Member of the California State Assembly
- Incumbent
- Assumed office December 7, 2020
- Preceded by: Kansen Chu
- Constituency: 25th district (2020–2022) 24th district (2022–present)

Personal details
- Born: Alex Tinming Lee July 11, 1995 (age 31) San Jose, California, U.S.
- Party: Democratic
- Education: University of California, Davis (BA)
- Website: Assembly website Campaign website

= Alex Lee (politician) =

American politician

Alex Tinming Lee (born July 11, 1995) is an American politician who has served as a member of the California State Assembly since 2020, having represented the 24th district since 2022 and the 25th district from 2020 to 2022. A member of the Democratic Party, Lee's district includes Fremont, Newark, Sunol, Milpitas, and parts of eastern San Jose.

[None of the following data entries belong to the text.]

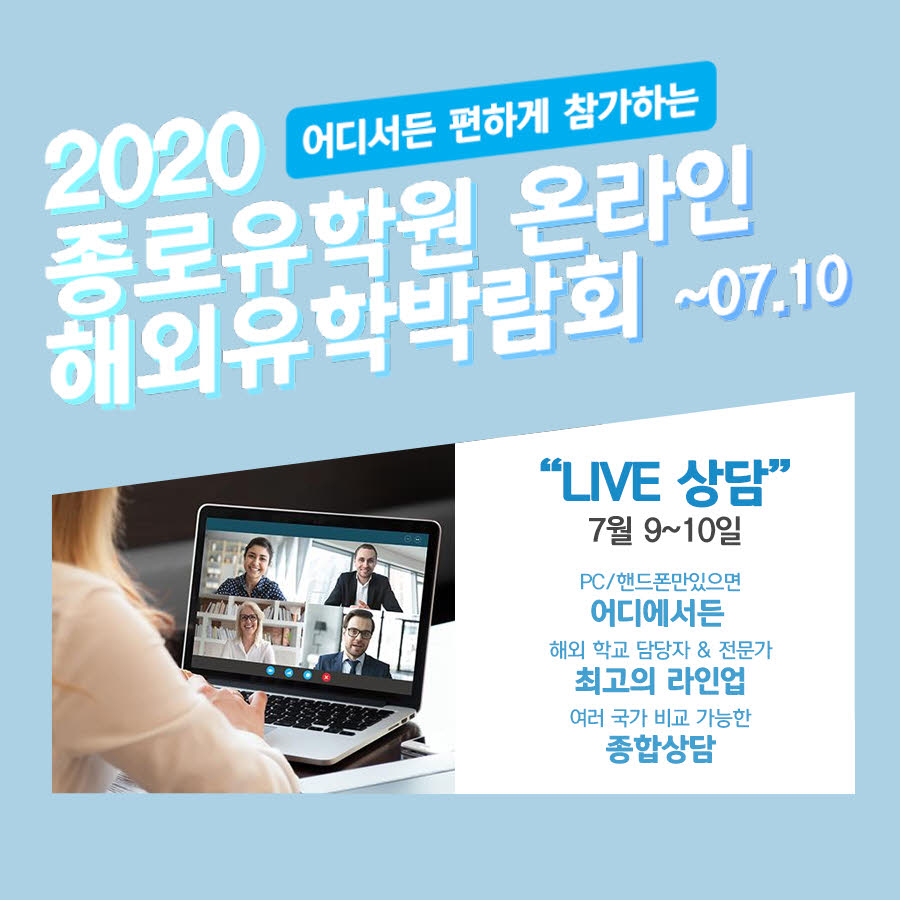 해외 대학교와 대학원, 어학연수, 조기유학 등의 유학의 최신 트렌드와 정확한 정보 전달하고 다양한 혜택을 제공함으로써, 해외 유학을 준비하는 학생들에게 필수 코스였던 종로유학원의 해외유학박람회가 올해는 정부의 사회적 거리두기 실천을 위해 온라인 언텍트로 개최된다.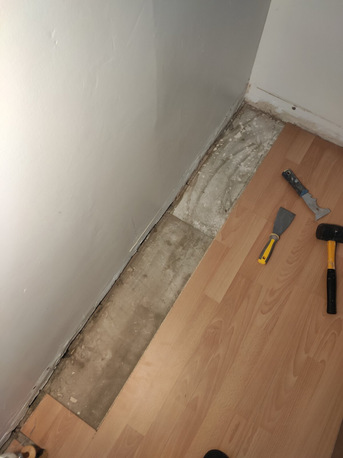 I am investigating a dripping sound coming from under the floor and I've started to pull the laminate up.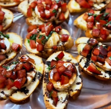 Caprese Bruschetta on Homemade Roasted Garlic Crostinis with Mozzarella and a Balsamic Glaze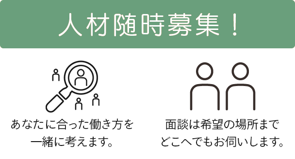 企業さまと派遣スタッフとの関係が円滑に運び、良い関係を築いてもらうために、採用後も定期的に派遣スタッフを来訪し、企業さま、派遣スタッフ双方が安心して業務ができるようサポートいたします。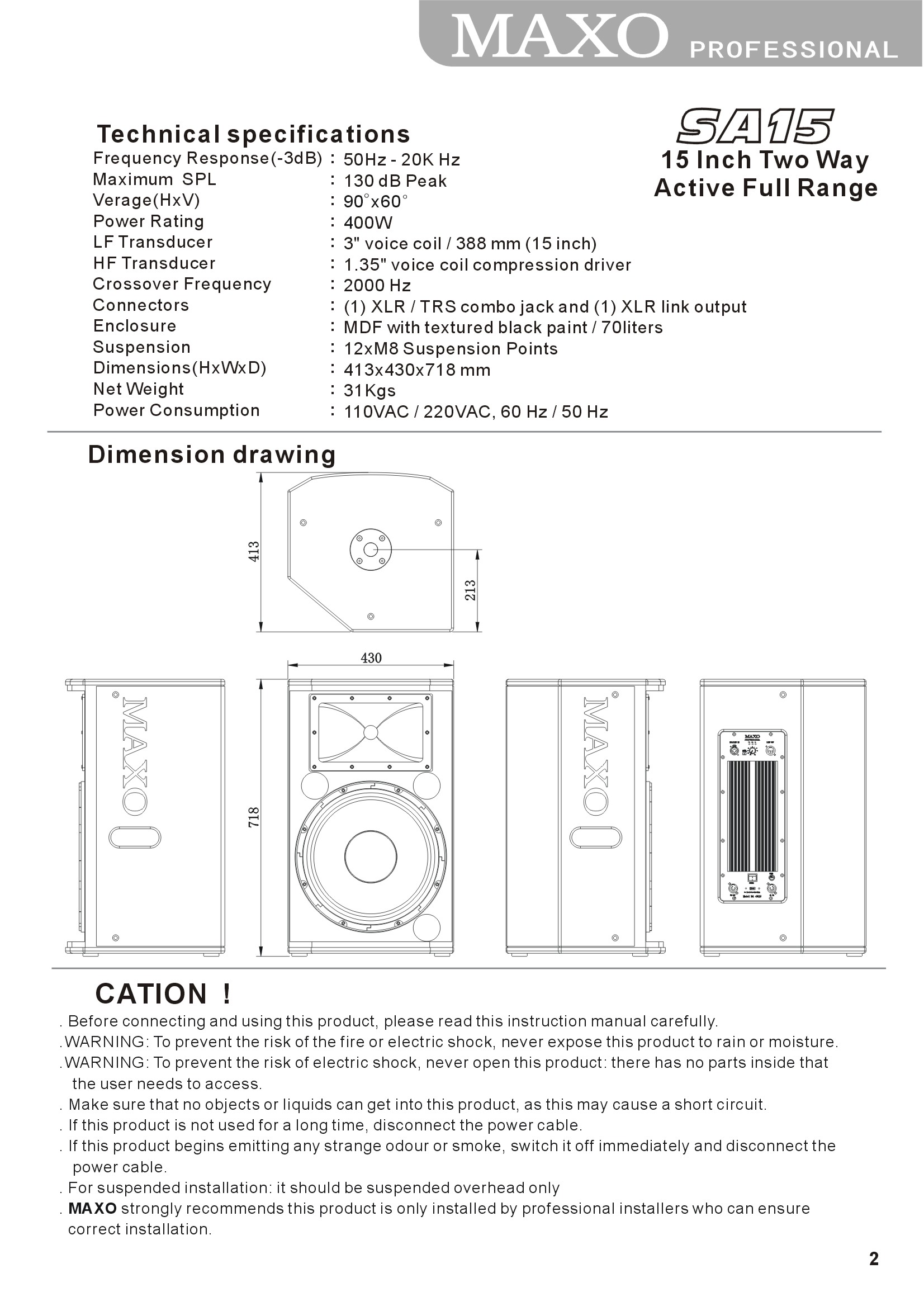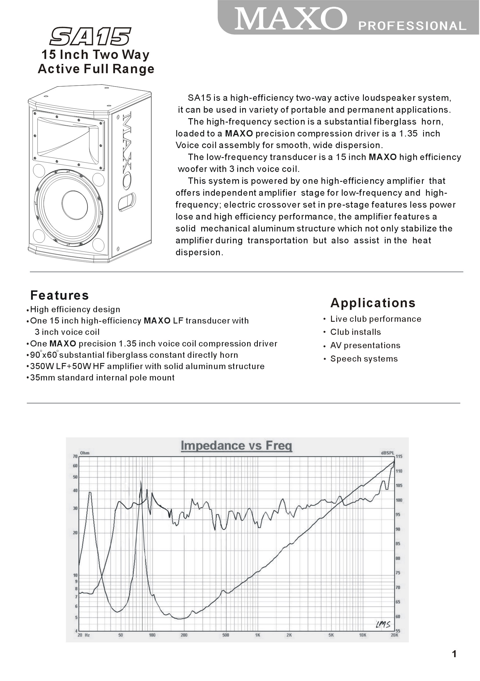 | LF Transducer | : | 3″ voice coil / 388 mm (15 inch) |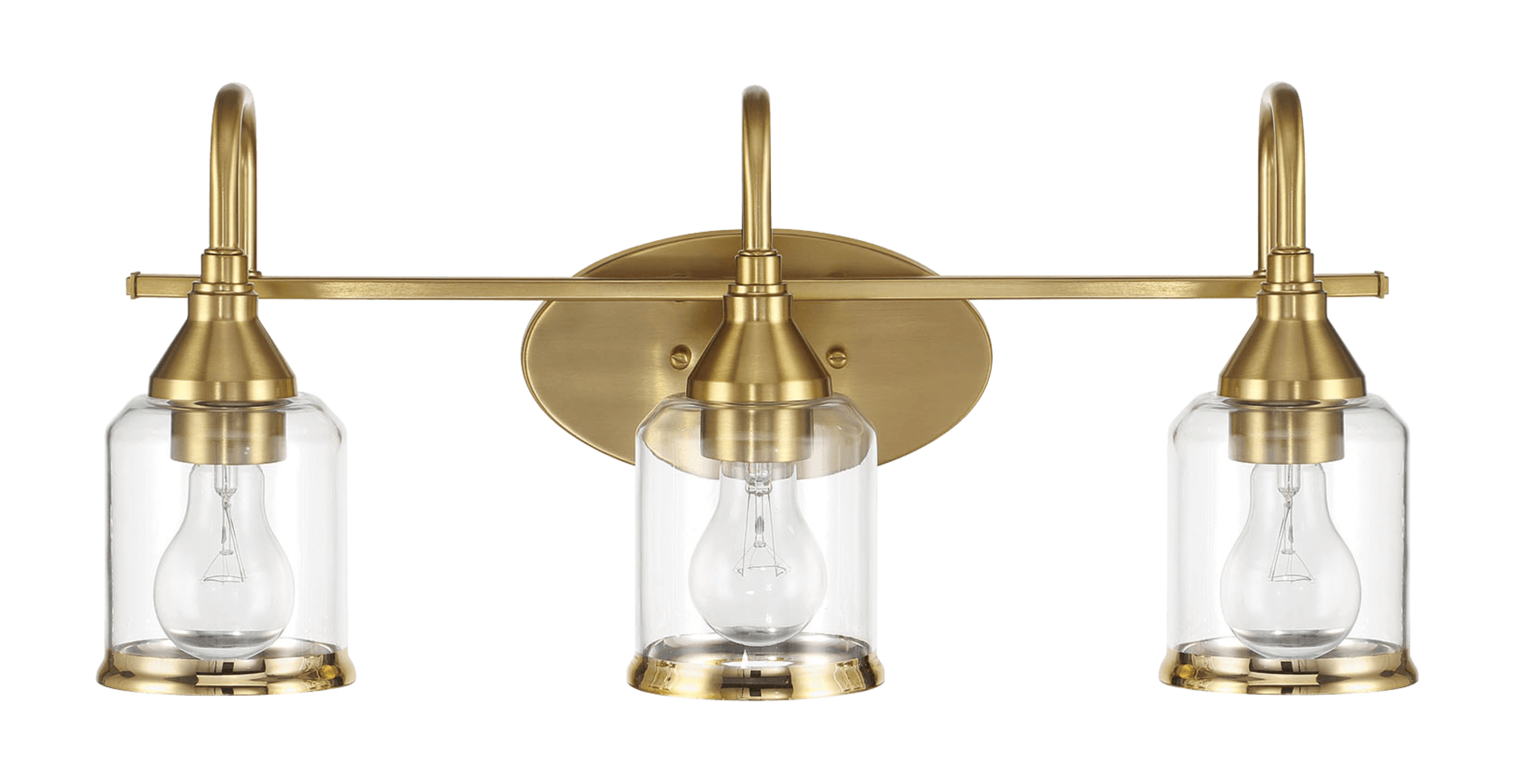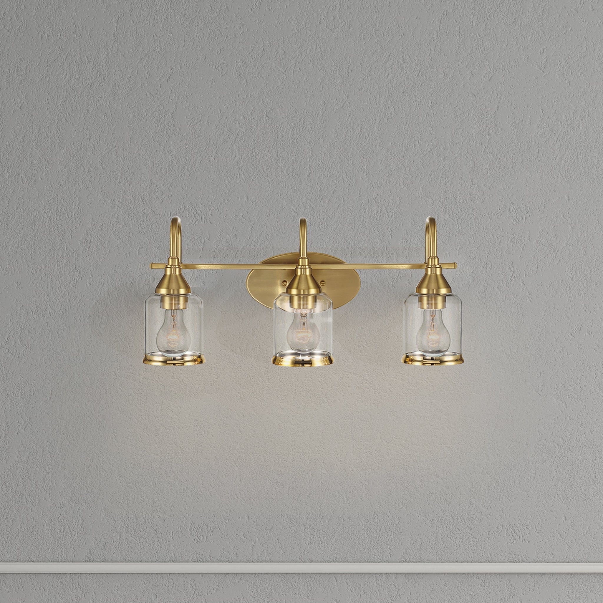 Illuminate your space with the stunning Twilight Three Lights Vanity Light. Featuring a contemporary design with a brushed gold finish and clear glass shades, this 22"W × 10"H × 7.48"E light will add a touch of elegance and sophistication to any room. Experience both style and functionality with this beautiful and versatile piece. Elevate your space with the radiant beauty of the Twilight Three Lights Vanity Light. With its modern silhouette, luxurious brushed gold finish, and delicate clear glass shades, this exquisite 22"W × 10"H × 7.48"E light is the perfect blend of elegance and functionality. Transform any room into a sophisticated oasis with this stunning and versatile piece.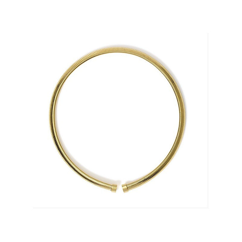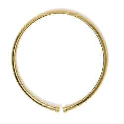 Descrizione: Girocollo in acciaio 316L con maglia tubogas in acciaio 304 e cristalli. Dimensioni: fi interno girocollo 12.5 cm, tubogas 8 mm, pietre fi 1.25 mm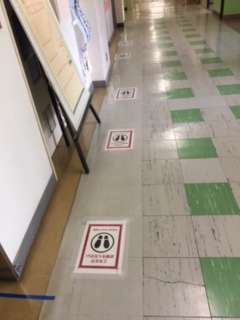 トイレも混雑しないように待ってもらう線をつけました。校舎に入る際に手洗い等、生徒も協力しています。

A YIMBY democratic socialist, Lee is one of the most progressive members of the California legislature. During his tenure, he has been a strong supporter of legislation to increase housing, in particular social housing.

==Early life, education, and career==
Alex Tinming Lee was born on July 11, 1995, in San Jose, California. His parents immigrated to the United States from Hong Kong. His father is an engineer and his mother is a nurse. After his parents divorced, Lee lived alternately with his father in Milpitas and his mother in North San Jose.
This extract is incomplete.